During a new project of SAP ECC or S/4HANA installation (or other SAP systems, Cloud or On-premises) the definition of an authorization concept allows for an early and optimal organization, with the objective of simplifying the management of authorizations and grant a true compliance to regulations such as GDPR, SOX, ISO, GxP).
It’s however frequent for authorizations to be put behind compared to other project priorities. In many cases this means a project go-live with wide authorizations and not completely under control.
In these situations, it’s easy to end up, after the go live, with authorization models that can bring to a decline of governance and to a very burdensome maintaining in the day by day activities. That is why in many cases companies notice authorization problems only after the go-live phase. Some of the main problems that an inadequate authorization model bring are the following:
- Authorizations are hard to maintain in terms of effort
- There is no authorization model that can be applied to the company if this evolves (merges/acquisitions).
- There is no quick and easy check on “who does what”
- Non-conformities are often found by internal or external auditors.
- Users are always given more authorizations but these are never removed (in spite of function switches).
Projects of SAP authorizations review
As seen above, often companies start an SAP project and only later note authorization problems. A company with thousands of SAP users can be managed (from an authorization standpoint) by a small team of people or by tens of people, depending on which authorization concept has been adopted.

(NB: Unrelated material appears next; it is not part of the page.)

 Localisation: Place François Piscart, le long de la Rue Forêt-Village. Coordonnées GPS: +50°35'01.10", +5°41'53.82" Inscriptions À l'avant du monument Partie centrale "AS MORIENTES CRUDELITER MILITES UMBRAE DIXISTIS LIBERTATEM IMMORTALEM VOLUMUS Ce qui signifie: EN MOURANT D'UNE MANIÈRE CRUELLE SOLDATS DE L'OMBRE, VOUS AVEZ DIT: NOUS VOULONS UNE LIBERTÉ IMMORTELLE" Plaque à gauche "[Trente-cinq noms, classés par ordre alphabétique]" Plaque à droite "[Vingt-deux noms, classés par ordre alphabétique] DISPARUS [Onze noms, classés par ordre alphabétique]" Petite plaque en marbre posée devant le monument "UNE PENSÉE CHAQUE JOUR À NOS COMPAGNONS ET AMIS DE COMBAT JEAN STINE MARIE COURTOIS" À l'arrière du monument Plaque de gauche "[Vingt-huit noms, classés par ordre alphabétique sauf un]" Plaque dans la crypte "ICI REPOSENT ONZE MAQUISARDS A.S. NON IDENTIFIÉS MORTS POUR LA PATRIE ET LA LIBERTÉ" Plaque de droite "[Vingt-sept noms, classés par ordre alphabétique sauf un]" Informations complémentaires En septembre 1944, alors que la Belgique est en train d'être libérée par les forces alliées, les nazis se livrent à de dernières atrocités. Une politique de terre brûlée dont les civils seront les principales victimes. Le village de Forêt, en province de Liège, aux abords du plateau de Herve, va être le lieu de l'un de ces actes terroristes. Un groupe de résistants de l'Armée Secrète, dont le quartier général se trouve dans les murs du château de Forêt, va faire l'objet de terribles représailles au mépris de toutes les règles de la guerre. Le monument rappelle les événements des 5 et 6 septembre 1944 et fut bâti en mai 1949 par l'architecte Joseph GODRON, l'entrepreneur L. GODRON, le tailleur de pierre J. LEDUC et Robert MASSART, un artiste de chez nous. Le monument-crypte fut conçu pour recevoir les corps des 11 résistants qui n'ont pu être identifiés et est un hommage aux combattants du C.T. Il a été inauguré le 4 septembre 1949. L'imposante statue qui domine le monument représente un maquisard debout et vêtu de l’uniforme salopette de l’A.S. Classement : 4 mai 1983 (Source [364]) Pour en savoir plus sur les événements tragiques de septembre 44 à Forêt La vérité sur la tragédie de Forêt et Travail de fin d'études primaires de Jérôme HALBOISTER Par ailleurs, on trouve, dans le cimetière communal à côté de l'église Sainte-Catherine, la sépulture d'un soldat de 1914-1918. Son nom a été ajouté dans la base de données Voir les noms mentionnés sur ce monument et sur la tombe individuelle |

Even though there may already be a live and productive system, it’s possible to review SAP authorizations without locking business activities.
What above is possible by the use of methods and instruments that allow to re-design SAP authorizations based on real uses by SAP users.
While the authorizations logics may be the same, some SAP systems have very specific verticalizations. For example, HR, CRM; BW and Industry Solutions systems.
HR systems peculiarities
For SAP HR/HCM (Human Resource e Human Capital Management) systems a particular knowledge is needed. Since the authorization in Human resource module is very close to the business. More than the rest of the ERP.
SAP System Upgrade
One of the most underestimated, are upgrades and updates. SAP very often releases upgrades, both security and non-security ones.
For example, for every release change or package upgrades it’s essential to adapt authorizations accordingly. There could be a great number of authorization objects added, new authorizations or new SAP security functionalities. Some could even have been removed. Read here our blog post on upgrades if you want to learn more.
It is important to remember that if authorizations were made following SAP best practices, the upgrade will be easier and semi-automatic. On the contrary it might take many days of work.
Segregation of Duties Management
Do you have to manage a project of Segregation of Duties (SoD) for your company?
Read here how to take on a project such as this. You’ll see how to approach
the various phases:
- Risk Definition
- Risk Analysis
- Continuous compliance
Read here on how SoD helps protect company data.
Remember that the remediation and more importantly the mitigation part can be very demanding. During the project but also during the day by day needed activities.
GDPR - General Data Protection Regulation
Compliance to regulation UE 2016/679 and LGS. 101/2018 is mandatory for those who manage personal data.
Here too a precise step by step process must be followed in order to take on the task. This process also involves the Legal, ICT, Business, HR departments. SAP contains many personal data (hence sensible one). So it’s important to do a privacy risk analysis (PIA) in order to check for non-conformities and know how to manage them, for example with:
- Data Cryptography in SAP
- SAP Hardening
- Data Masking
- SAP data scrambling
- Personnel formation, i.e. Security Awareness
Read here how to take on the GDPR particularly in SAP to protect personal data
SAP Governance Risk and Compliance (GRC)
- ARA – Access Risk Analysis, Segregation of duties, all the steps of the SoD except for the Mitigation part for the controls testing (for this part GRC Process Control is needed)
- BRM – Role management which is used for the lifecycle of authorization roles
- EAM – Emergency Access Management, which is used for the management of emergency access (super users, firecalls, system admin)One of the instruments that SAP puts at disposal to control and check the company conformity to regulations is SAP GRC.
This tool is made up of various systems (read here more), and it allows, in the case of Access Control, to manage the following:
ARQ – Access Request Management, which is used for the management of the SAP users lifecycle through the use of approval workflows
SAP Identity Management (SAP IDM)
In complex landscapes, many systems are to be managed and
are heterogeneous. It is important to have a tool that manages
the user’s lifecycle, for these reasons:
- New users
- Job changes
- User discontinuation
The SAP tool that makes all of this possible is the SAP identity management.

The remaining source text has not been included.